Advertisement

HOLLYWOOD : Residents Decry Chain-Saw Massacre

Share
SPECIAL TO THE TIMES

Paul Zollo knows what sweeping government authority sounds like. It’s the noise a chain saw makes as it chews through a ficus tree on Hollywood Boulevard.

Zollo and other Hollywood residents expressed outrage last week when Los Angeles County Metropolitan Transit Authority workers chopped down 31 large ficus trees near Hollywood and Vine as part of a project to build a Metro Rail subway stop. That the transit agency gave residents less than 24 hours’ notice, he said, was the unkindest cut of all.

“Trees are not like furniture,” said Zollo, a musician and journalist. “If they get in the way, you don’t just get rid of them.”

Advertisement

Los Angeles city officials said that because of special exemptions granted to MTA over two years ago, the transit agency was not required to hold public hearings over the tree removal. Nevertheless, Councilwoman member Jackie Goldberg plans to introduce a motion next week to curb the agency’s power to landscape without hearing from residents. In the coming months, construction work will begin on two more subway stations on the boulevard, at Highland and Western avenues.

“We knew (the trees) would be removed, but not chopped down,” said Veronica Gutierrez, an aide to Goldberg.

Steve Chesser, an MTA spokesman, said the agency discussed replanting the ficus trees in another location but rejected the idea because the roots were too extensive. He added that the agency would landscape the Hollywood-and-Vine area with Mexican fan palms and ficus trees at the subway stop’s scheduled 1998 opening.

The ficus fracas comes amid a larger struggle between city officials and Hollywood residents, some of whom have vigorously opposed both Metro Rail construction and longstanding government attempts to redevelop the neighborhood.
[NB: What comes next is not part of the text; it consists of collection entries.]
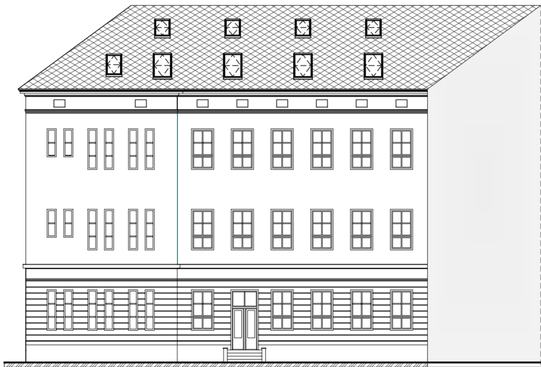
ZÁPADNÍ POHLED - DVŮR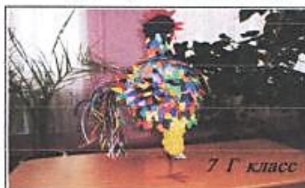
7 Г класс

Все классы представили красочные открытки, в которых поздравили ребят, учителей и всех работников школы с Новым годом! Особенно мне понравился "символ года", нарисованный учащимися 9В класса. Он похож на человека. Наверное, ребята хотели сказать, что не надо ждать милости откуда-то извне, а надо просто строить счастье своими руками, как в песне поётся: "Ты знаешь - всё в твоих руках, всё в твоих руках, всё в твоих ру-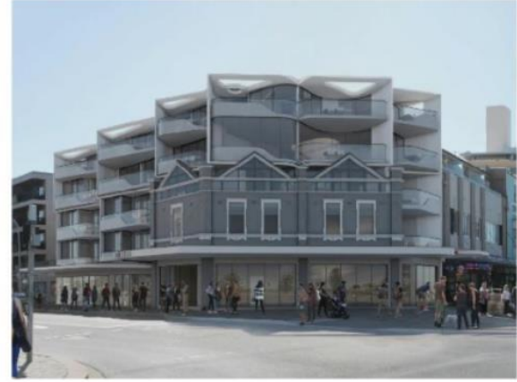
Desfile de Campbell, Bondi Grupo de Propiedad Rebelde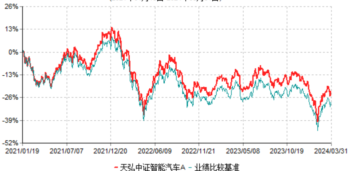
天弘中证智能汽车A累计净值增长率与业绩比较基准收益率历史走势对比图 (2021年01月19日-2024年03月31日)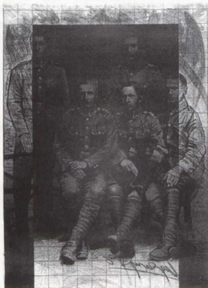
JOCIA PRZYJALNIA ARSLEY 17. LIBERTY 1988

9 MIEDZYNARODOWE BIENNALE GRAFIKI W SEULU 1996 9th INTERNATIONAL PRINT BIENNALE OF SEOUL 1996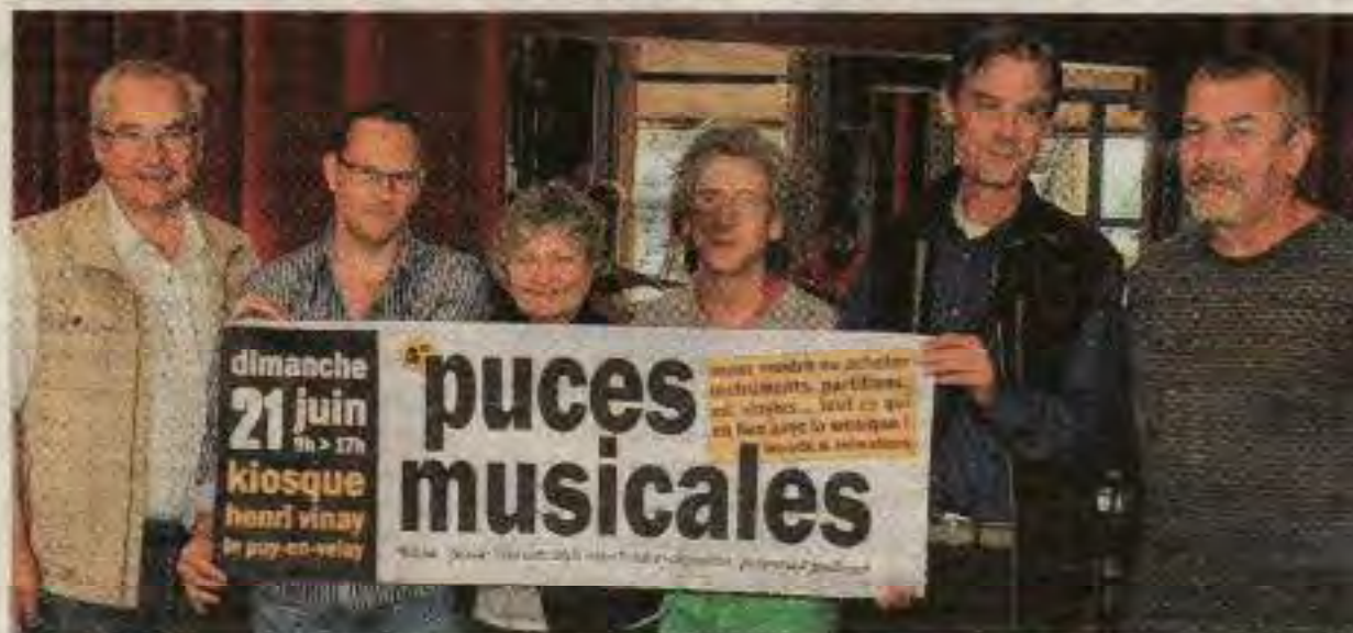
Musiciens et amateurs de jazz ont présenté l'affiche des puces musicales.

Haute-Loire. L'association reste active ces jours-ci et pendant l'été en proposant des puces musicales, émission de radio, stage, jam-session et conférence.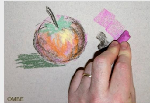
Использования края пастели.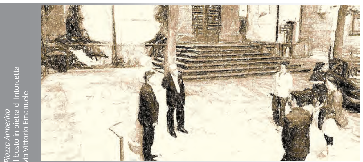
Piazza Armerina il busto in pietra di Intorcetta via Vittorio Emanuele

Cambiare prospettiva per vedere nuove opportunità. Scambi tra culture veicolate da persone culturalmente diverse.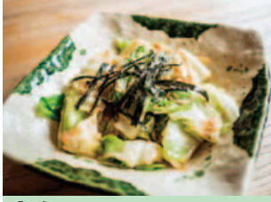
店名: すしはんガーデン メニュー: 地物野菜の変わりサラダ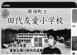
放送委員会 YouTube校内作品展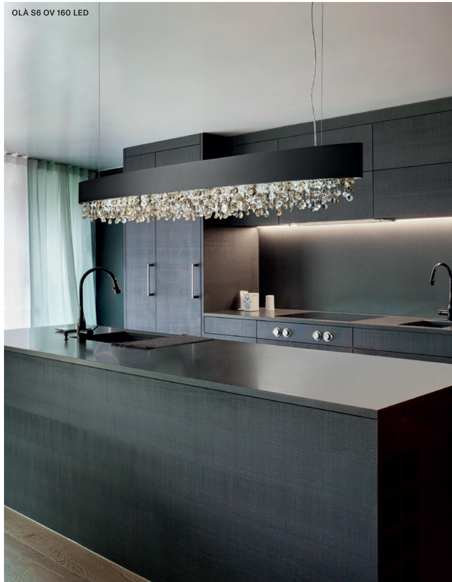
OLÀ S6 OV 160 LED

SUSPENSION CEILING APPLIQUE TABLE LAMP FLOOR LAMP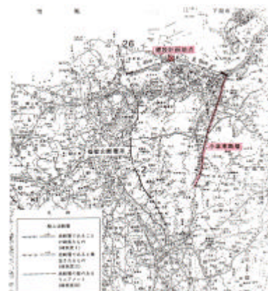
図 - 4 活断層分布図

本トンネルにおいては、北九州市の地域防災計画に準ずることとしたが、そこでは「北九州市近傍で発生するM 6.5 程度の大規模地震を想定する」と明確な活断層等が示されていないこと、活断層の状況等を鑑み、経済性と安全性の面からレベル2地震動と照査用地震動の2種類を設定し、各々個別に検討することとした。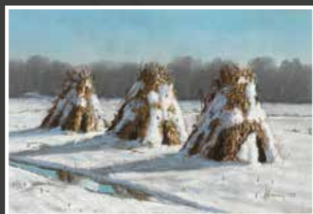
3 Zoran Homen: Zima u polju, pastel-papir, 31x49 cm, 2021., poklon autora, 2.000,00 kn Evo, odmah na početku, malog bisera ove aukcije: pastela slikara i bivšeg dugogodišnjeg ravnatelja križevačkog Muzeja, rada koji, kao i svaka njegova slika, zrači posebnom ugodajnošću i zavičajnim sentimentom, a ostvaren je sigurno, lako i likovno vrlo uvjerljivo.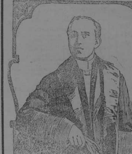
Portrait of a man, likely a political figure mentioned in the text.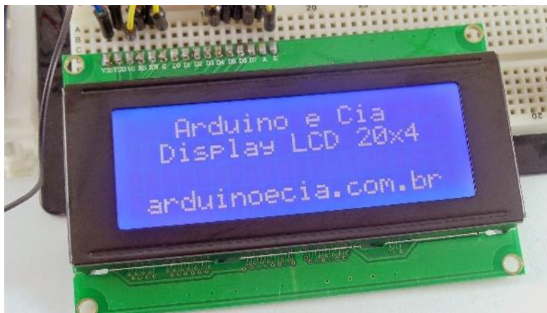
Gambar 2. 2 LCD 20x4

LCD ( Liquid Crystal Display ) merupakan suatu tampilan dari bahan cairan kristal yang pengoperasiannya menggunakan sistem dot matriks. LCD yang digunakan adalah LCD berukuran 20x4 karakter dengan tambahan chip module I2C untuk mempermudah programmer nantinya dalam mengakses LCD tersebut. Sebab dengan digunakannya modul I2C akan lebih menghemat penggunaan pin arduino yang akan digunakan, dengan menggunakan modul I2C maka hanya diperlukan 4 buah pin arduino, yaitu pin SCL, pin SDA, pin VCC dan pin GND. ( Handy Wicaksono, 1996). LCD sudah digunakan diberbagai bidang misalnya alat-alat elektronik seperti televisi, kalkulator, ataupun layar komputer. Adapun hardware LCD 16x2 I2C dapat dilihat pada gambar 2.2 berikut :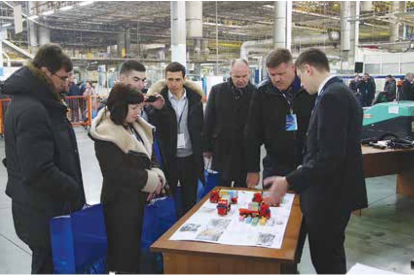
Место встречи — гемба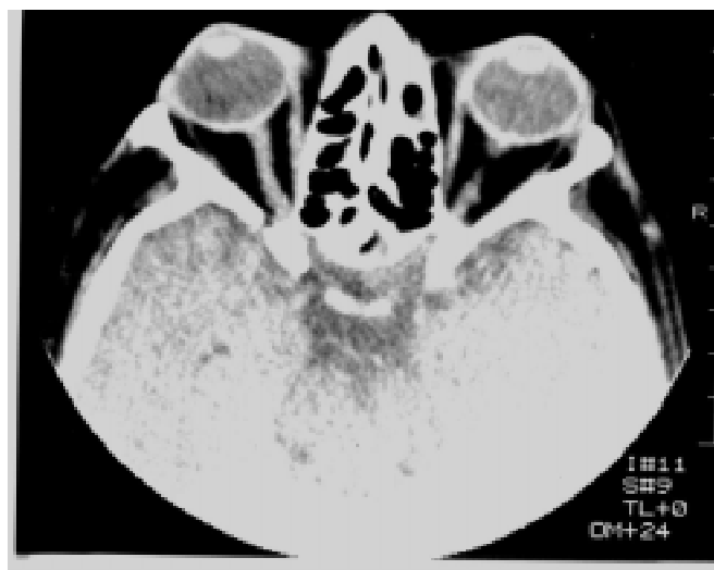
Foto Nº 2.- Se aprecia un engrosamiento de músculos rectos internos.

Confirmamos que la oftalmopatía tiene una distribución etárea similar a la totalidad de pacientes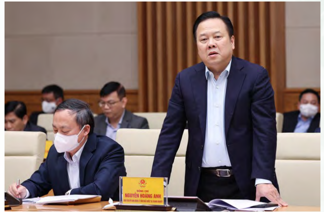
Chủ tịch Ủy ban Quản lý vốn nhà nước tại doanh nghiệp Nguyễn Hoàng Anh

Ông Hoàng Anh cho biết, giai đoạn 2016-2020 đối với công ty mẹ - 19 tập đoàn, tổng công ty có tổng doanh thu đạt 3.821.579 tỷ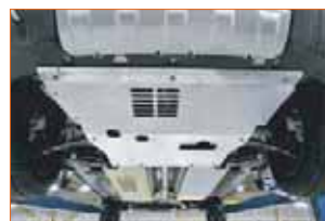
Protections sous moteur et sous caisse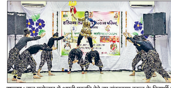
झज्जर। बाल महोत्सव में अपनी प्रस्तुति देते हुए संस्कारम स्कूल के विद्यार्थी।

हासिल किया। संस्कारम स्कूल के विद्यार्थियों ने शिक्षा, कला और संस्कृति की हर श्रेणी में अपनी श्रेष्ठता साबित की।

Just last year, local activists bitterly complained when the Community Redevelopment Agency removed ficus trees along the boulevard as part of a beautification effort.

City officials could not immediately confirm the age of those ficus trees, but Bobbie Green, a superintendent for the Department of Public Works, said they have grown there for at least 30 years. He was unsure whether they had been originally planted by the city or residents, but noted that boulevard merchants pay the city to have the trees trimmed twice a year.

Under city laws, Green said, anyone wishing to remove a tree must obtain a permit, a process that involves inspections and public hearings and can take longer than 60 days. Yet the public works department agreed to exempt MTA from that requirement in January, 1992.

Advertisement

“We were just trying to cooperate with Metro Rail and expedite their (construction) requests,” Green said.

Zollo and other residents said they knew nothing of the exemption, and did not learn of the planned tree removal until May 16, the morning the cutting occurred, when MTA workers posted flyers dated the previous Friday. Chesser said public meetings had been held previously on the subject of tree removal but he could not immediately provide details.

“This just proves our point,” said longtime activist Robert Nudelman. MTA, he said, has “no interest in keeping people informed; they just want to do whatever they want, whenever they want.”

Gutierrez said that Goldberg, in her motion next week, will ask Public Works to rescind the MTA exemption in an effort to prevent tree removal at the Highland and Western avenues stops. In the meantime, Hollywood residents are left contemplating their newly denuded corner.

“These trees provided oxygen and shade,” said Zollo, “both of which Hollywood Boulevard desperately needs.”